Servings- 4 rolls
Sushi rice– 2 cups
Sea weed sheets
Sushi rice vinegar 2 tbsp
Tofu- 1 pack
Red chilli powder– 3/4 tsp
Lemon- 1 tsp
Oil- for shallow fry
Soy sauce– for dipping
Shallow fry long strips of tofu in a tablespoon of oil until golden brown and crispy, keep aside. Cut carrots and zucchini into long thin strips, coat the vegetables and tofu with little lemon, salt and red chilli powder and set aside. (My version of spicy sushi) 🙂
Cook rice according to the directions provided on the packet.

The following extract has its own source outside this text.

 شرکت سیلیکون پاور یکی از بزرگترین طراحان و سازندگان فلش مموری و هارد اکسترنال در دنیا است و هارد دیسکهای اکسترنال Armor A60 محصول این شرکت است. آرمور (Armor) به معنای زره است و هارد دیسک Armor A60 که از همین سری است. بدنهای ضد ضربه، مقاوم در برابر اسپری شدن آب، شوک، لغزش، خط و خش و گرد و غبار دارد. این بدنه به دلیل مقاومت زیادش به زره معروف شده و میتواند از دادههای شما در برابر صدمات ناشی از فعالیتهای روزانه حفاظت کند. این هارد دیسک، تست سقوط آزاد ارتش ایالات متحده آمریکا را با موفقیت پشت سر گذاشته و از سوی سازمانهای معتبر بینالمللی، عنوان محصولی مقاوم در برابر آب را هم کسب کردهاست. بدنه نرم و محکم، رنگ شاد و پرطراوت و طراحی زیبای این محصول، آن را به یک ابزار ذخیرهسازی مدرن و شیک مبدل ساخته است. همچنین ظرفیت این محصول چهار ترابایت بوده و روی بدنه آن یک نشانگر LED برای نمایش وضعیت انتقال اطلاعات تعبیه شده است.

The rice must be a bit mushy, once cooked mix it well with vinegar and keep aside.
On a flat surface, spread the sushi mat. Place the sea weed sheet on top (slightly toasted sheets gives a crispy texture) and add enough rice so that you cover 3/4th of the sheet. Spread the rice grains 1 inch thick and make sure it’s tightly packed.

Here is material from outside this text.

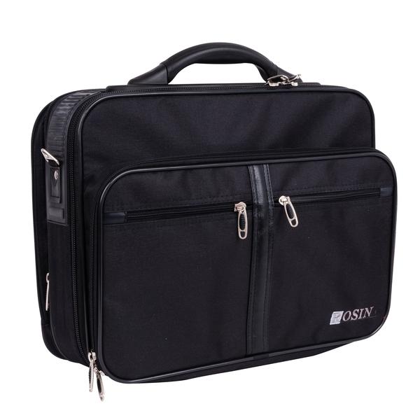 Кейс тканевый компании ROSIN. Внутри основного отделения органайзер, два кармана на липучке и фиксаторы для документов. Имеется расширение на молнии на 5 см. На передней части расположен большой карман на молнии, внутри которого расположены один карман на липучке и три открытых кармана, и два кармана на молнии. Сзади карман на молнии под документы. В комплекте съемный плечевой ремень.

Place 3- 4 strips of carrots, zucchini, and tofu lengthwise on the rice on one edge.
Place your fingers next to the vegetables and start rolling it tightly until you reach the end where there is no rice. Tap the edge with little water and roll the sushi completely. Tapping with water allows the edge to stick well.
Now cut 1 inch of the edges on both side and keep aside, cut the rolls into bite size pieces. Dip the rolls in soy sauce and enjoy!